Belling berichtete kurz, was er von der Jugend und der Studienzeit seines Freundes wußte.

»Sir Richard hat also darauf bestanden, daß er Ingenieur wurde?«

»Ja. Carley mußte dem Wunsch nachkommen, weil er finanziell von ihm abhängig war.«

»Er sagte ja auch, daß er in dem Haus seines Onkels wohnte, bevor er in die Tropen ging. Können Sie mir etwas mehr über das Verhältnis zwischen den beiden mitteilen?«

»Carley erhielt das Diplom als Zivilingenieur, nahm aber zunächst keine Stellung an. Als er noch im Hause seines Vaters war, wurde er knappgehalten. Erst als er zu seinem Onkel kam, hatte er mehr Geld und stürzte sich in einen Strudel von Vergnügungen.«

»Wollen Sie damit sagen, daß er viel in Gesellschaft von Frauen war?«

»Das weniger. Aber bei jedem sportlichen Ereignis war er zu finden. Sir Richard wurde das zuviel, und er war nicht damit einverstanden. Oft machte er Carley Vorhaltungen, und ich weiß, daß er damals schlecht auf ihn zu sprechen war.«

»Hat sich das später geändert?«

»Die Beziehungen zwischen den beiden spitzten sich immer mehr zu, so daß Carley schließlich froh war, als sein Onkel ihm eine Stellung bei den Birmanischen Staatsbahnen verschaffte. Gestern abend erzählte er mir, daß sich von da ab das Verhältnis zwischen ihnen dauernd besserte. Er hatte sogar einen regen Briefwechsel mit seinem Onkel, und sie schienen ausgezeichnet miteinander zu stehen. Um so mehr war er natürlich enttäuscht, als er dann drei Monate lang nichts mehr von ihm hörte und hier in London den Eindruck gewinnen mußte, daß Sir Richard ihm aus dem Weg gehen wollte.«

»Carley war nun viereinhalb Jahre lang in den Tropen – hat er sich Ihrer Meinung nach in seinem Charakter geändert?«

»Nein, nicht im mindesten. Er ist noch der alte Draufgänger wie früher, und obwohl wir so lange nicht zusammengewesen sind, haben wir uns gleich wieder gut verstanden. Ich halte ihn für einen unbedingt zuverlässigen, ehrlichen Menschen.«

»Neigt er denn nicht zum Jähzorn?«

»Das ist wohl etwas zuviel gesagt, immerhin braust er leicht auf. Wenn er sich aber zu übereiltem Handeln hinreißen läßt, tut es ihm nachher sehr leid.«

Crawford dachte einige Zeit nach.

»Unparteiisch betrachtet, ist er bisher schwer belastet. Ich will ja in seinem Interesse hoffen, daß sich der Fall anders aufklärt.«

Belling wollte etwas zugunsten seines Freundes sagen, aber Crawford legte ihm die Hand auf den Arm.

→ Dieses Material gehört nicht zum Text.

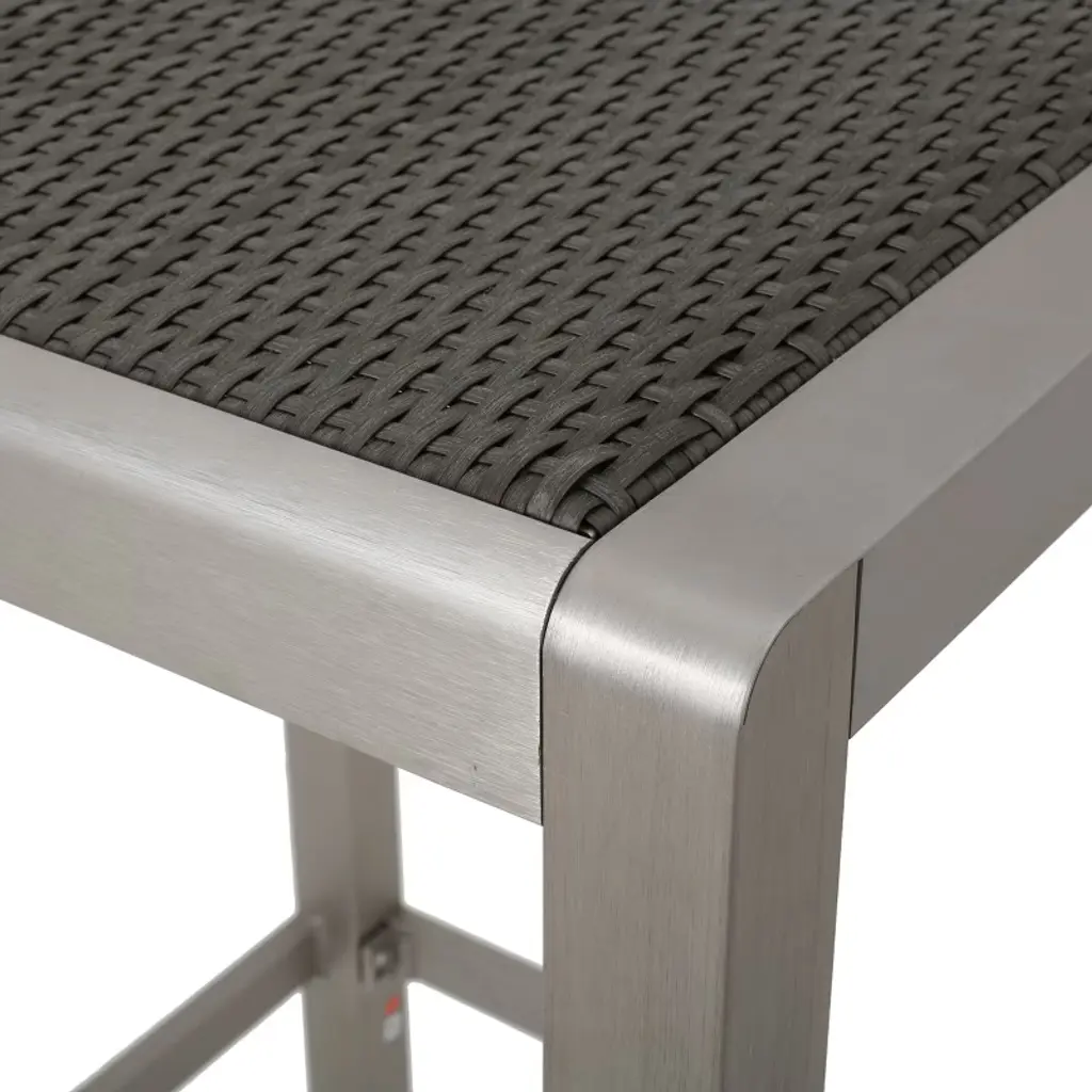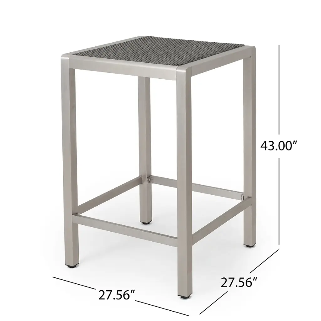 Upgrade your patio or backyard with this modern outdoor bar-height table, featuring a durable faux rattan top and a lightweight yet sturdy aluminum H-frame. The gray wicker weave offers a contemporary look while resisting weather damage, ensuring year-round usability. At 43 inches high, it provides the perfect surface for drinks, snacks, or décor, pairing effortlessly with bar stools for elevated entertaining. Compact in size yet generously functional, this table fits seamlessly into patios, decks, or balconies. Easy to assemble and designed for the outdoors, it blends style, stability, and practicality in one sleek piece. Material: Faux Rattan Frame Material: Aluminum Finish: Gray Assembly Required Dimensions: 27.56 inches deep x 27.56 inches wide x 43 inches high
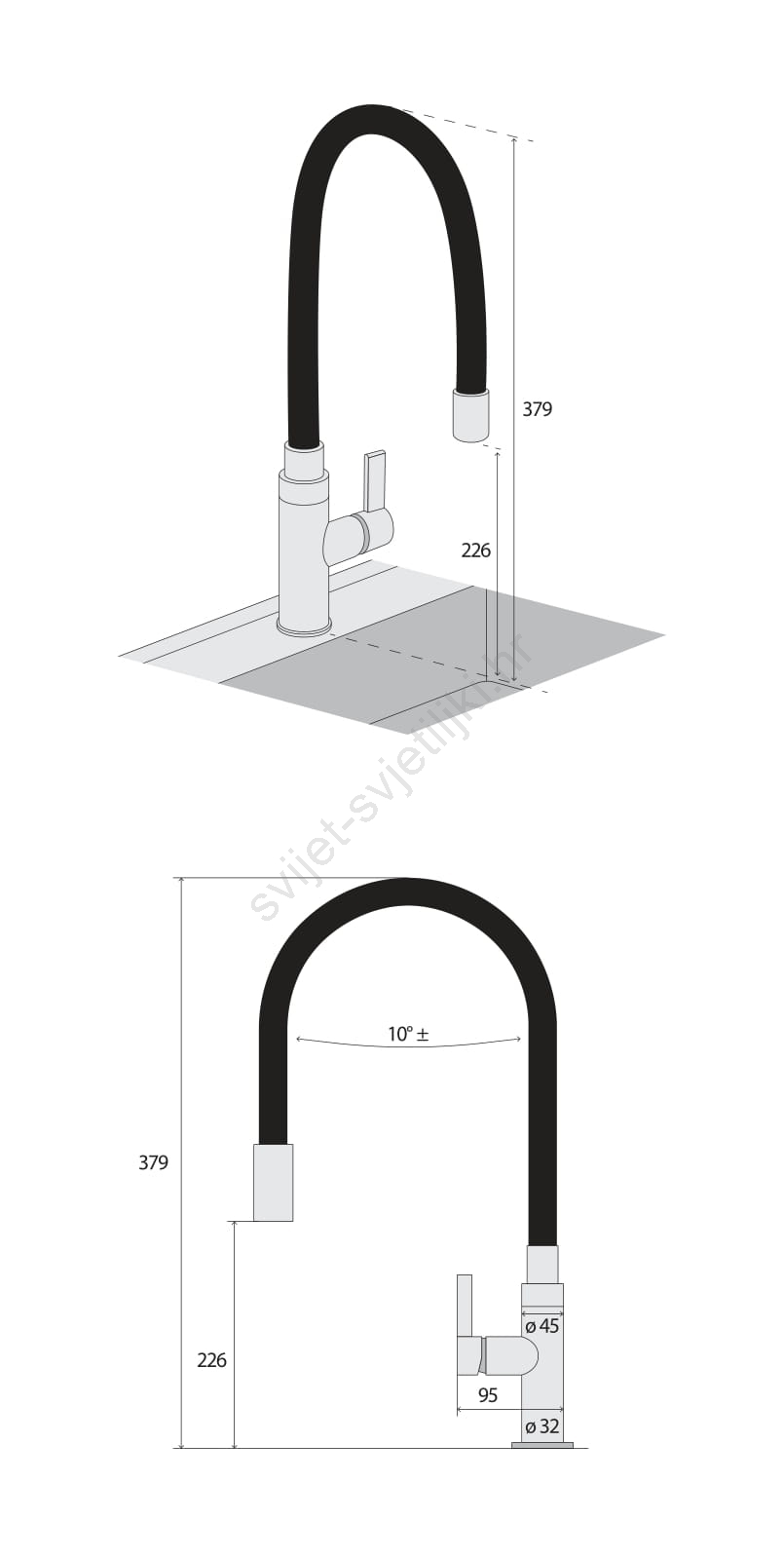 Concept BDC7138 - Slavina za sudoper s fleksibilnim izljevom, sjajni krom/crna
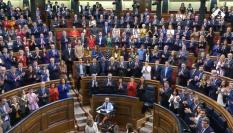 Por primera vez ministros de un gobierno de coalición han ocupado los bancos azules del hemiciclo, cuyo espacio ha sido habilitado para acoger a los 350 diputados y 266 senadores asistentes a esta sesión conjunta.

»Ich weiß schon, daß Sie von seiner Unschuld überzeugt sind. Nun, wir werden ja weitersehen. Morgen früh bin ich um acht im Büro. Versuchen Sie, Rechtsanwalt Stetson morgen möglichst bald zu erreichen, und verabreden Sie etwas mit ihm. Am liebsten wäre es mir, wenn er nach Scotland Yard käme.«

Der Wagen hielt vor Bellings Wohnung in der Guildford Street.

»Also, auf Wiedersehen.«

Belling reichte dem Inspektor die Hand und stieg aus.